Даже когда в госпитале с ранением лежал, и то на такую муть не зарился. Драйзера прочёл всю трилогию, Мориака, Пруста. По тому в день проглатывал. Сестра мне перевязку делает, ногу бинтует, а я страницы переворачиваю. Будь на месте этой старой клизмы кто помоложе, может быть, и не до чтения было бы, а так буквы, слова, предложения, первая глава, десятая, эпилог, — следующий! Главврач, подполковник, как-то зашёл с обходом, на тумбочку мою взглянул, а там книги стопкой. У всех остальных как у людей: кроссворды, сигареты, бутылки из-под кефира, а у меня книги. Головой покачал, температурный лист посмотрел, ушёл. А через десять минут вернулся, принёс мне лампу настольную и роман-газету с Айтматовым.

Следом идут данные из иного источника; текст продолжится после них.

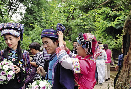 新人身着民族服装拍摄外景,细心的新娘为新郎整理头饰 摄/王 凯
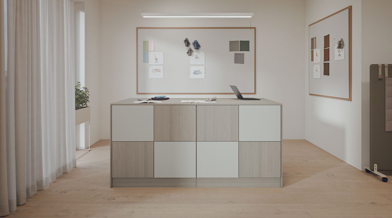 Výberom úložného riešenia, ktorý funguje napríklad aj ako projektový priestor, priestor na sedenie alebo šatník, môžete pracovné prostredie zefektívniť.
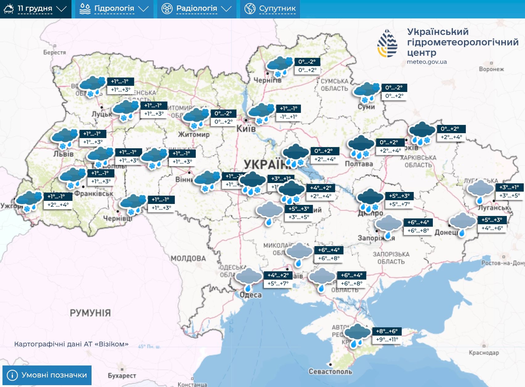 Синоптики прогнозували, що в найближчі три доби буде мокрий сніг і дощ. На Південному Сході переважно дощі. Тільки вдень 12 грудня в Україні, крім Сходу, без істотних опадів.
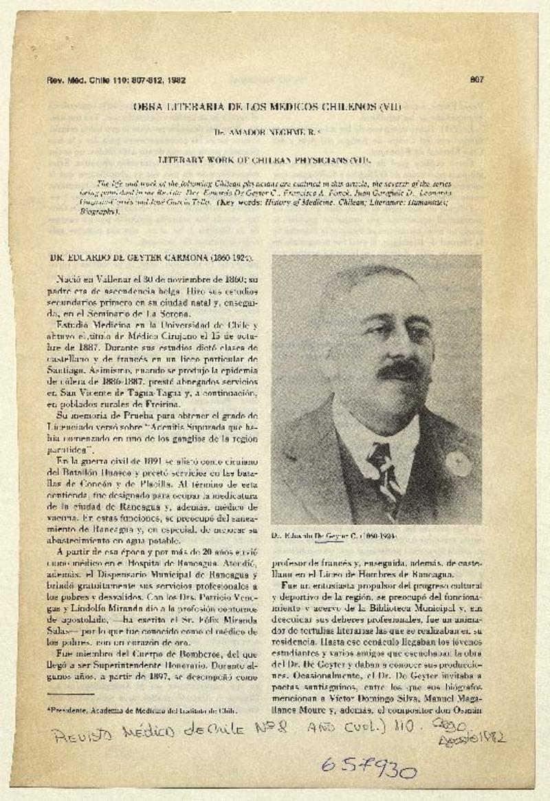 Autores chilenos - De Geyter Carmona, Eduardo
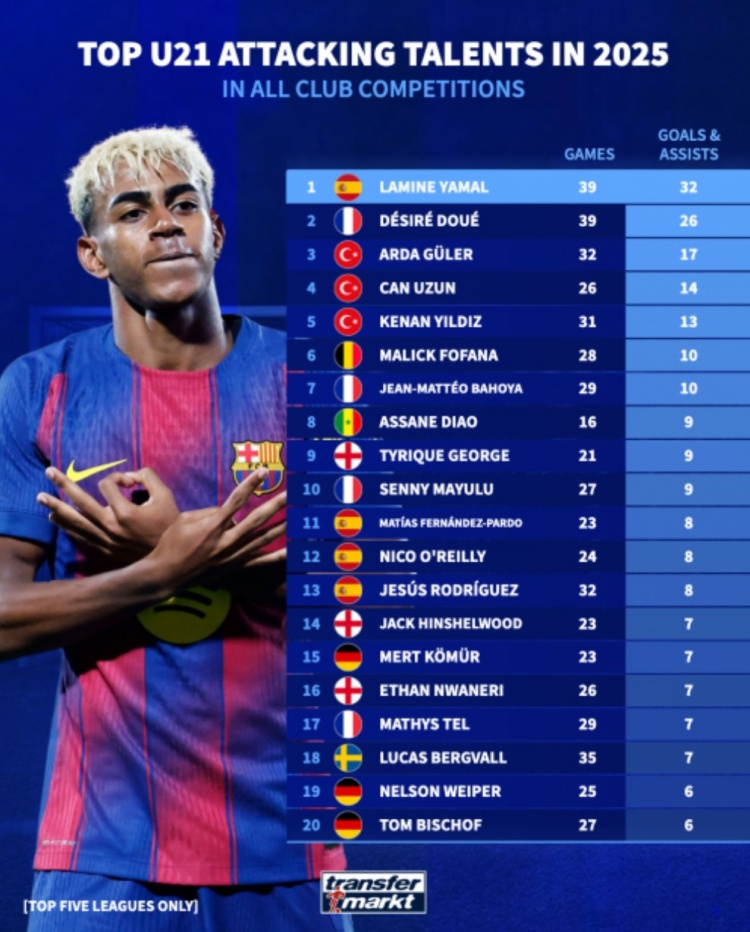 10月10日讯 德国转会市场盘点了2025年俱乐部层面各项赛事参与进球最多U21球员,亚马尔39场32球居首,杜埃39场26球位居次席。
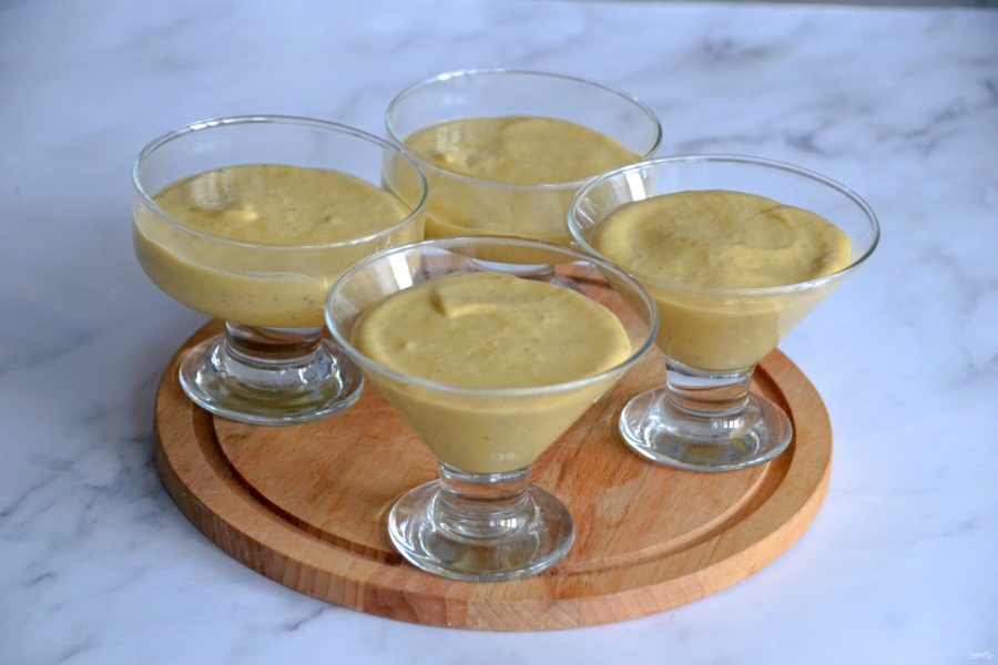 Растопите желатиновую массу в микроволновой печи в течение 30 секунд, не доводя до кипения. Добавьте растопленную желатиновую к сливочно-банановой массе, процедите ее через ситечко, смешайте.

Прапор из роты охраны за три рубля на станке железо, что из нас вынимали, просверливал, медальоны делал. Если цепочку хочешь, ещё пятёрку гони. У кого автоматная пуля, тому хорошо — аккуратненько, у кого пистолетная (экзотика), так он молоком плющил, а у кого осколок, острые края надфилем обтачивал. Все себе заказали, один я, как мудак последний, завернул в подшиву, денег пожалел. Решил, что не поеду домой в форме, куплю какую-нибудь «гражданку». Парадку-то мне из части прислали, да не мою. На размер больше и не новую. Совсем не дембельская парадка, позорная. А из госпиталя вышел, в универмаг зашёл, так всё в книжном отделе и оставил. Средняя Азия, вокруг песок и говно, а на полке трёхтомное репринтное издание толковой Библии Лопухина. К тысячелетию крещения Руси издана. Красивая, переплёт дорогой, бумага рисовая с иллюстрациями. Так и ехал домой пугалом с красным дерматиновым дипломатом, в котором зубная щётка, бритва, Библия, дембельский альбом недорисованный и осколок восьмидесяти двух миллиметровой мины в подшиве. Ощущал себя миссионером. Подданным Её Величества. Термез-Петербург-Лондон транзит.
Как уходил в армию — помню, а как возвращался — нет. Ни вокзала не помню, ни дороги домой. Встречал меня кто, обнимал, плакал? Выключено. Потёрто. Уже декабрь, сессия скоро, а меня восстановили. Пришёл на лекцию по математике. На доске формулы, закорючки какие-то, интегралы. А я ничего не понимаю, не соображаю. Раскрыл тетрадку и под темой занятия печатными буквами вывел: «Хочу быть прапорщиком». Так я ту математику и не постиг. В деканате пожалели, уговорили преподавателя, поставил мне четвёрку. И Библию так ни разу и не открыл. Стоит на полке за стеклом. Красивая, основательная, респектабельная.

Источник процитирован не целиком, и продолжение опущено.